Source data:
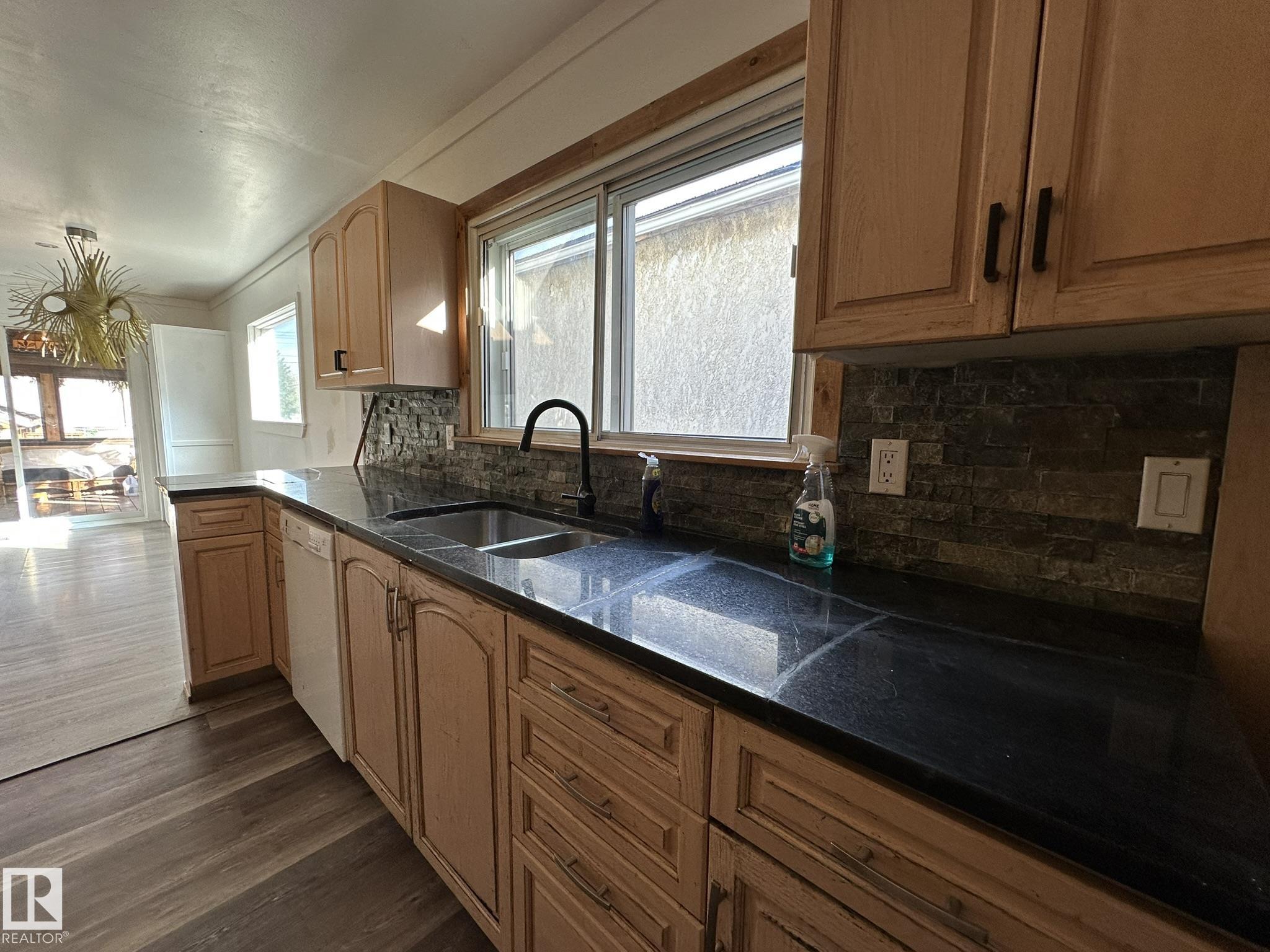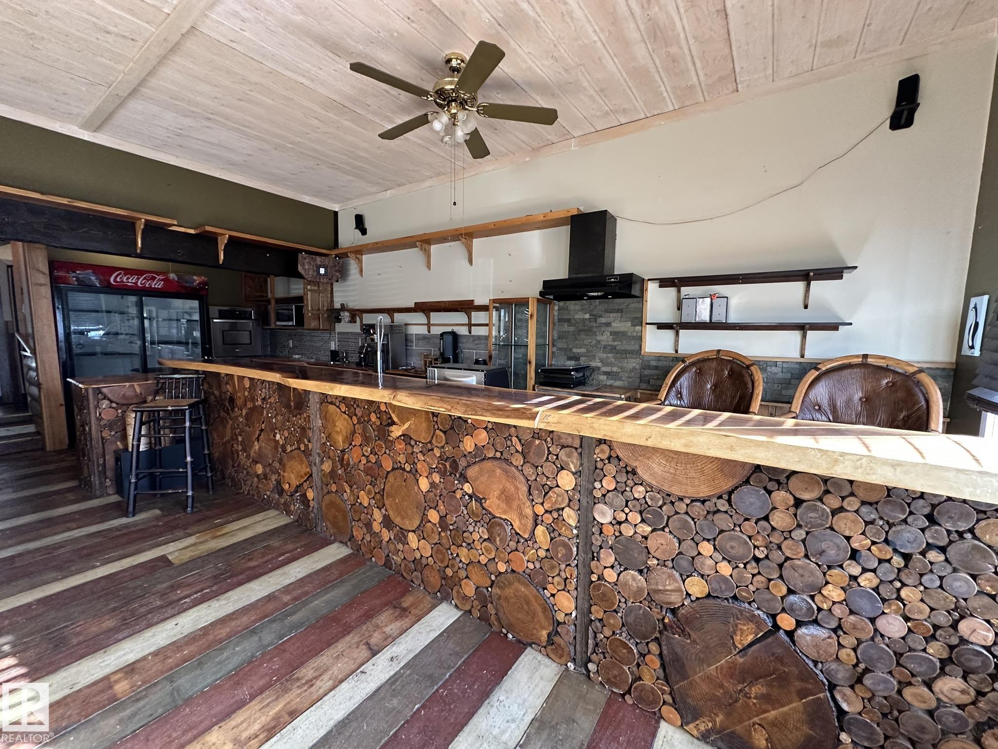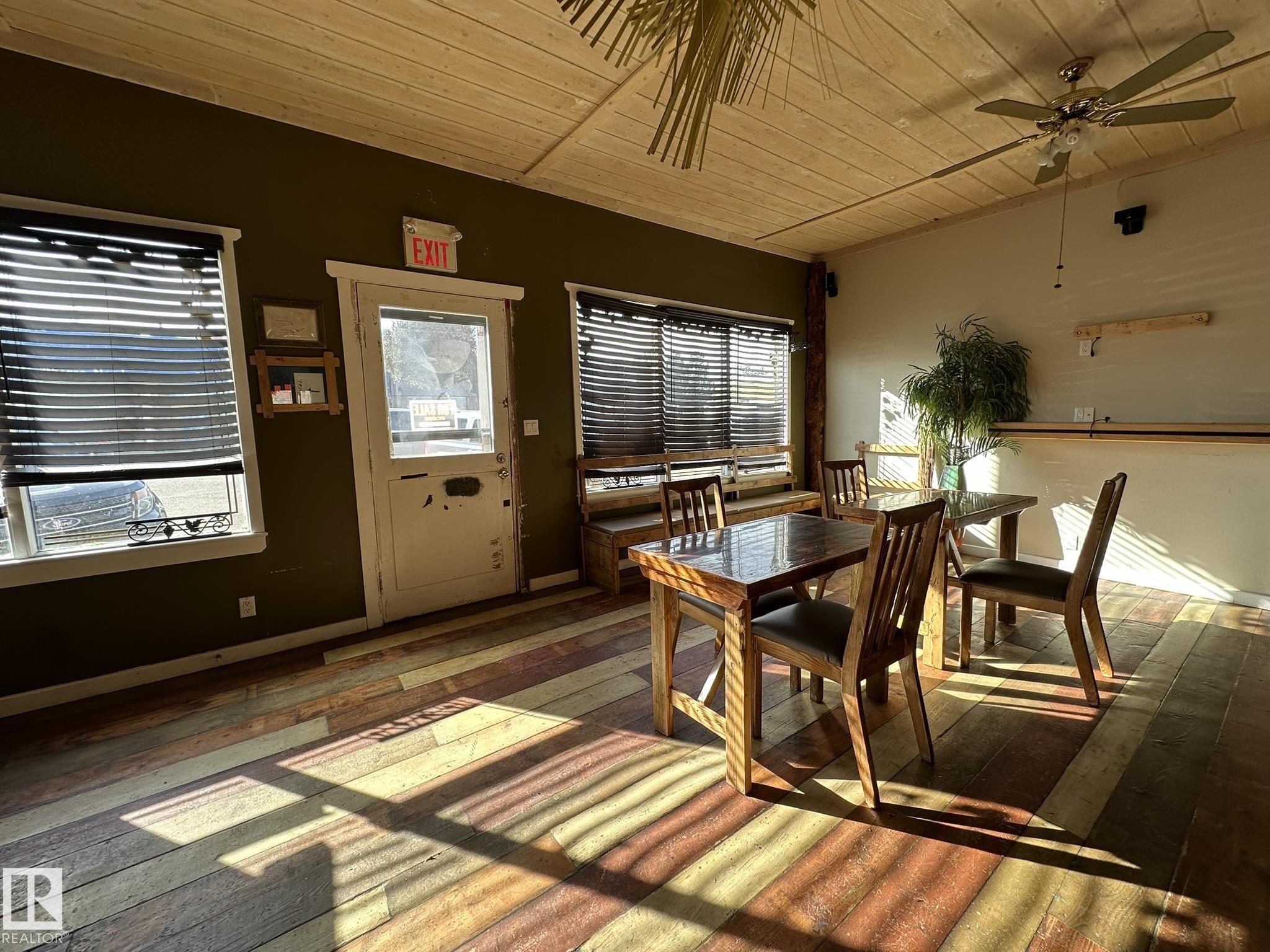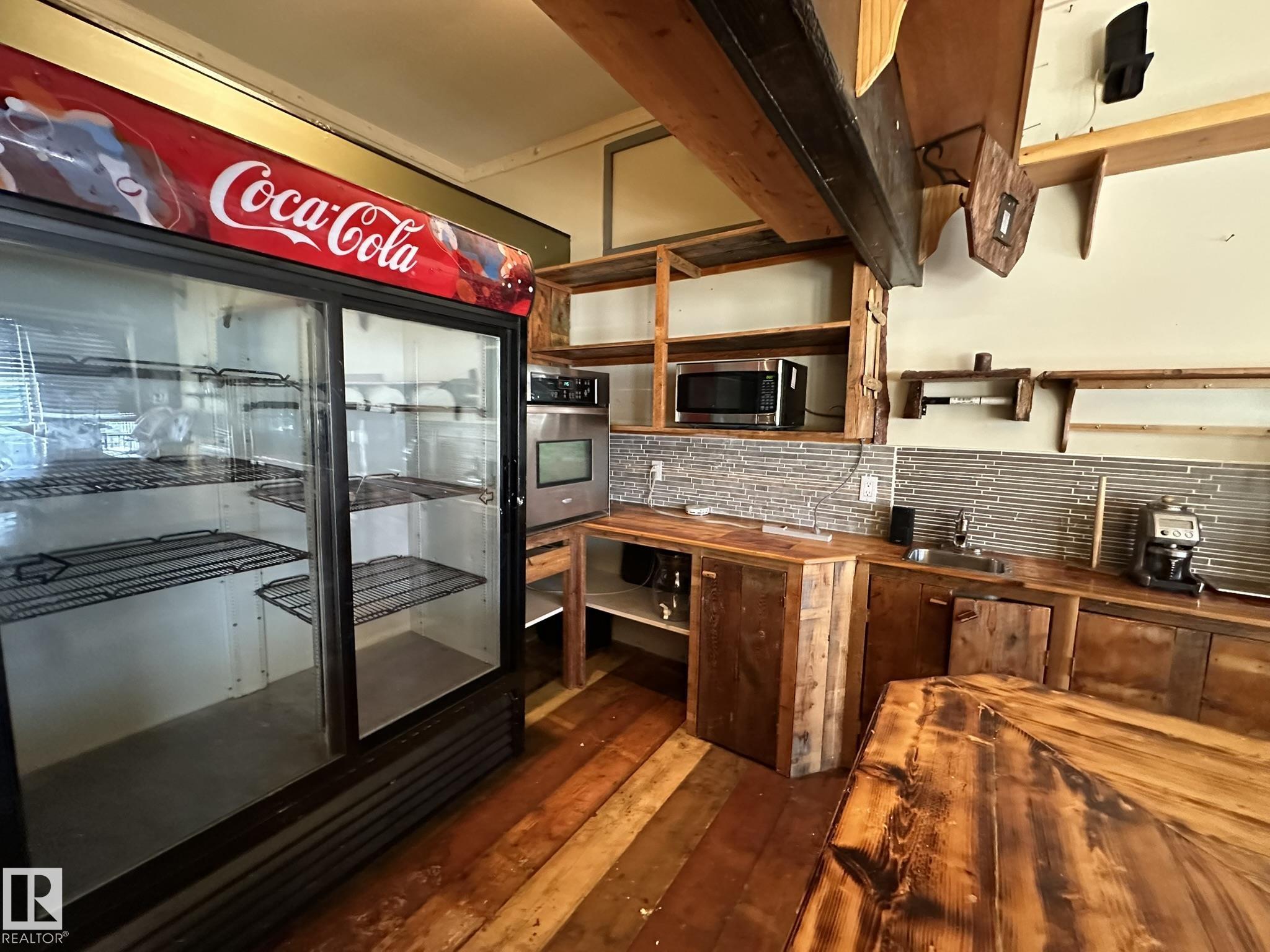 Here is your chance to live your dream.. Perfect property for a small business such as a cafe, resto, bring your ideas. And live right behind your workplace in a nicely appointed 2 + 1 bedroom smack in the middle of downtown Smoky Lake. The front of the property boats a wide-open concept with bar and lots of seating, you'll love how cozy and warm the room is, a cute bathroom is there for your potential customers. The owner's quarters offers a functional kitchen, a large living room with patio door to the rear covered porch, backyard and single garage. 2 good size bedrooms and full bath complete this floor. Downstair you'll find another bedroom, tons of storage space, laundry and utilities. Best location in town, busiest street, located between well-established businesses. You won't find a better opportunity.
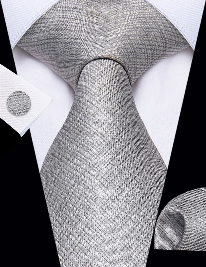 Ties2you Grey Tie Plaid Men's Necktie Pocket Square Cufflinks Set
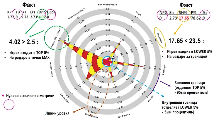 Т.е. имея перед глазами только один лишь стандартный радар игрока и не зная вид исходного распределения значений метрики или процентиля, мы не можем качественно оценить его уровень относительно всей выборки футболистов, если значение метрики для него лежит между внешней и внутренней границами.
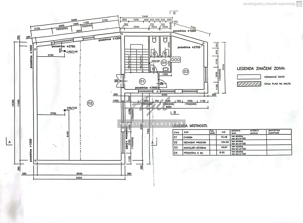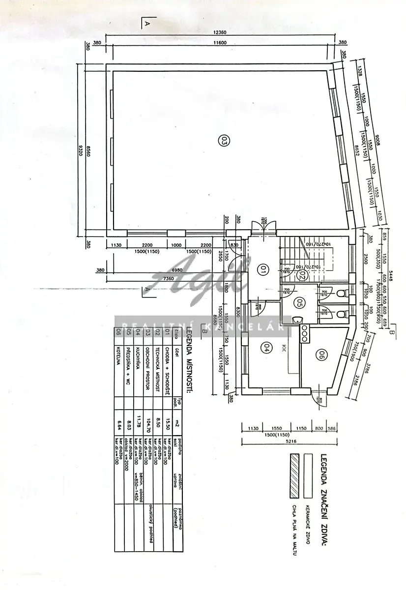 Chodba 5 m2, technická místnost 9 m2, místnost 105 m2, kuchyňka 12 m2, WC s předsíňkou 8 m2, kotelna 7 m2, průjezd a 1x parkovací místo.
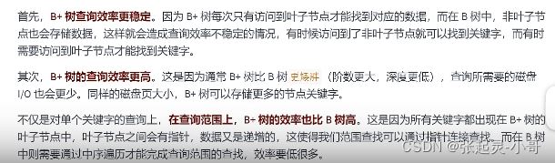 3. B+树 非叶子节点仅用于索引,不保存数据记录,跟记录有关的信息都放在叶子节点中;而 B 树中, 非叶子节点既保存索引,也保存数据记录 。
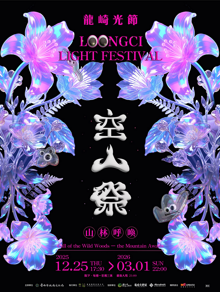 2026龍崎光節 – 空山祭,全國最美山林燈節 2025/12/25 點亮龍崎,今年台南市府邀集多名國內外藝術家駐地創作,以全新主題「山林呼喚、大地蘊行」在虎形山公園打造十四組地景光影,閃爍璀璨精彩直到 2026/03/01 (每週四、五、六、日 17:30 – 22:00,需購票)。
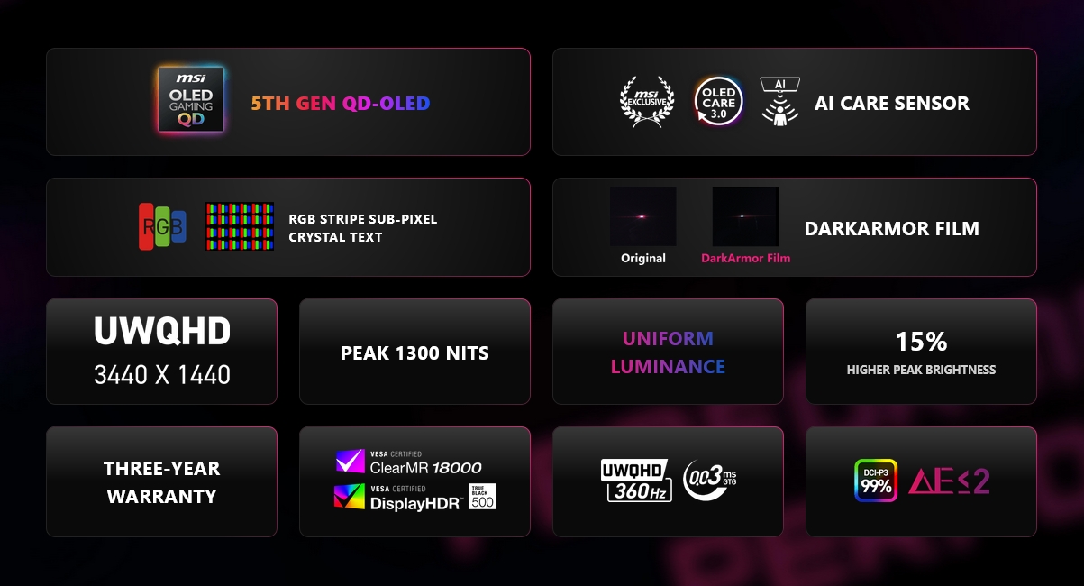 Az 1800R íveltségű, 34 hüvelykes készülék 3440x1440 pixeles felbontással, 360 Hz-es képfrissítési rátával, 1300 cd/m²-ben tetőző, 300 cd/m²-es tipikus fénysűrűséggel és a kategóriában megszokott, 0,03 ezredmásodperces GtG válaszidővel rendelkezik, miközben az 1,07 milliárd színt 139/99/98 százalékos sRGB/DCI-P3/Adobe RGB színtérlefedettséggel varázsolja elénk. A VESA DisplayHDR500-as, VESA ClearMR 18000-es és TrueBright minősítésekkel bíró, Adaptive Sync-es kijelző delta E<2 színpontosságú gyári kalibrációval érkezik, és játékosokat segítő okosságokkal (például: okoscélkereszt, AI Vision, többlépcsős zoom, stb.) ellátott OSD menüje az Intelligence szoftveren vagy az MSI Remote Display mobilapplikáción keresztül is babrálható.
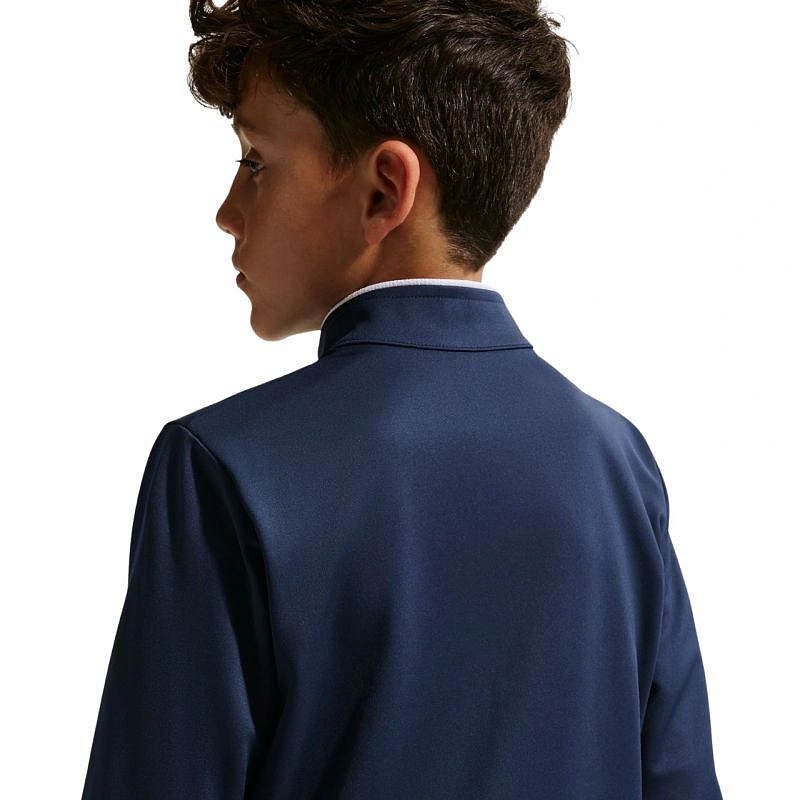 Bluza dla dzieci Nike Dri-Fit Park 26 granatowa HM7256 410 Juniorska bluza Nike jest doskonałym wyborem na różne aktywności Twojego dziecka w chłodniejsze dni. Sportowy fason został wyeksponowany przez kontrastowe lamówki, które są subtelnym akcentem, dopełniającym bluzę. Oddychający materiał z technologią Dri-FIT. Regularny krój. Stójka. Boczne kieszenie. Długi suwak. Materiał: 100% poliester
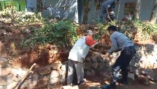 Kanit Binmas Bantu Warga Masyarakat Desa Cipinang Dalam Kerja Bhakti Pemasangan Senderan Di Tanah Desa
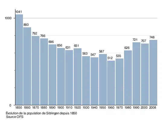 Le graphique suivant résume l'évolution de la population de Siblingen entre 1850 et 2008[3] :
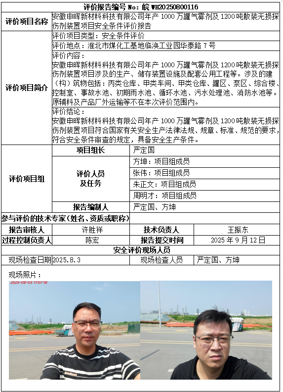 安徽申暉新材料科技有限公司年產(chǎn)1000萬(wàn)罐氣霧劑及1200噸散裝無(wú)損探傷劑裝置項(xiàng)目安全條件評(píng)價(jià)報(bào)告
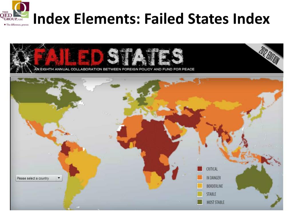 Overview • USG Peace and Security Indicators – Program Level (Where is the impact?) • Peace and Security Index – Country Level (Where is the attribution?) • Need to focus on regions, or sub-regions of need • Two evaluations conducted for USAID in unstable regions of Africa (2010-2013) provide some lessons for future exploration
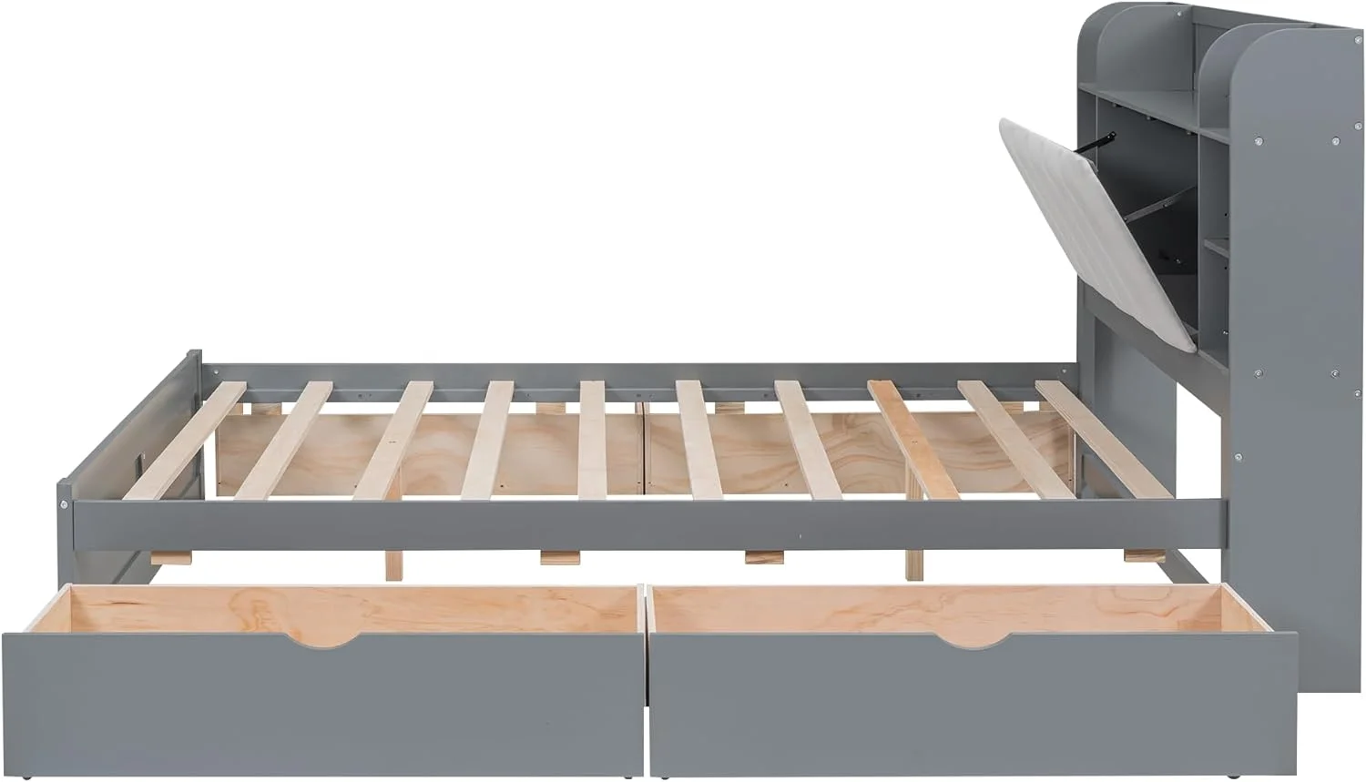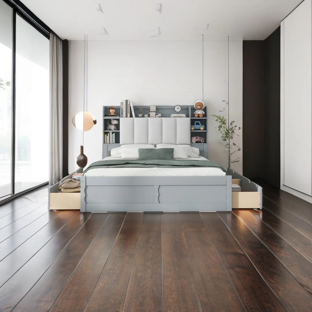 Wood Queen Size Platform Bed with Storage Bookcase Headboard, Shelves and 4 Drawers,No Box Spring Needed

Exercise prompt:
Each line of the records above must be repeated exactly, but no picture belongs in the copy.

Response below:
 Here is your chance to live your dream.. Perfect property for a small business such as a cafe, resto, bring your ideas. And live right behind your workplace in a nicely appointed 2 + 1 bedroom smack in the middle of downtown Smoky Lake. The front of the property boats a wide-open concept with bar and lots of seating, you'll love how cozy and warm the room is, a cute bathroom is there for your potential customers. The owner's quarters offers a functional kitchen, a large living room with patio door to the rear covered porch, backyard and single garage. 2 good size bedrooms and full bath complete this floor. Downstair you'll find another bedroom, tons of storage space, laundry and utilities. Best location in town, busiest street, located between well-established businesses. You won't find a better opportunity.
 Ties2you Grey Tie Plaid Men's Necktie Pocket Square Cufflinks Set
 Т.е. имея перед глазами только один лишь стандартный радар игрока и не зная вид исходного распределения значений метрики или процентиля, мы не можем качественно оценить его уровень относительно всей выборки футболистов, если значение метрики для него лежит между внешней и внутренней границами.
 Chodba 5 m2, technická místnost 9 m2, místnost 105 m2, kuchyňka 12 m2, WC s předsíňkou 8 m2, kotelna 7 m2, průjezd a 1x parkovací místo.
 3. B+树 非叶子节点仅用于索引,不保存数据记录,跟记录有关的信息都放在叶子节点中;而 B 树中, 非叶子节点既保存索引,也保存数据记录 。
 2026龍崎光節 – 空山祭,全國最美山林燈節 2025/12/25 點亮龍崎,今年台南市府邀集多名國內外藝術家駐地創作,以全新主題「山林呼喚、大地蘊行」在虎形山公園打造十四組地景光影,閃爍璀璨精彩直到 2026/03/01 (每週四、五、六、日 17:30 – 22:00,需購票)。
 Az 1800R íveltségű, 34 hüvelykes készülék 3440x1440 pixeles felbontással, 360 Hz-es képfrissítési rátával, 1300 cd/m²-ben tetőző, 300 cd/m²-es tipikus fénysűrűséggel és a kategóriában megszokott, 0,03 ezredmásodperces GtG válaszidővel rendelkezik, miközben az 1,07 milliárd színt 139/99/98 százalékos sRGB/DCI-P3/Adobe RGB színtérlefedettséggel varázsolja elénk. A VESA DisplayHDR500-as, VESA ClearMR 18000-es és TrueBright minősítésekkel bíró, Adaptive Sync-es kijelző delta E<2 színpontosságú gyári kalibrációval érkezik, és játékosokat segítő okosságokkal (például: okoscélkereszt, AI Vision, többlépcsős zoom, stb.) ellátott OSD menüje az Intelligence szoftveren vagy az MSI Remote Display mobilapplikáción keresztül is babrálható.
 Bluza dla dzieci Nike Dri-Fit Park 26 granatowa HM7256 410 Juniorska bluza Nike jest doskonałym wyborem na różne aktywności Twojego dziecka w chłodniejsze dni. Sportowy fason został wyeksponowany przez kontrastowe lamówki, które są subtelnym akcentem, dopełniającym bluzę. Oddychający materiał z technologią Dri-FIT. Regularny krój. Stójka. Boczne kieszenie. Długi suwak. Materiał: 100% poliester
 Kanit Binmas Bantu Warga Masyarakat Desa Cipinang Dalam Kerja Bhakti Pemasangan Senderan Di Tanah Desa
 Le graphique suivant résume l'évolution de la population de Siblingen entre 1850 et 2008[3] :
 安徽申暉新材料科技有限公司年產(chǎn)1000萬(wàn)罐氣霧劑及1200噸散裝無(wú)損探傷劑裝置項(xiàng)目安全條件評(píng)價(jià)報(bào)告
 Overview • USG Peace and Security Indicators – Program Level (Where is the impact?) • Peace and Security Index – Country Level (Where is the attribution?) • Need to focus on regions, or sub-regions of need • Two evaluations conducted for USAID in unstable regions of Africa (2010-2013) provide some lessons for future exploration
 Wood Queen Size Platform Bed with Storage Bookcase Headboard, Shelves and 4 Drawers,No Box Spring Needed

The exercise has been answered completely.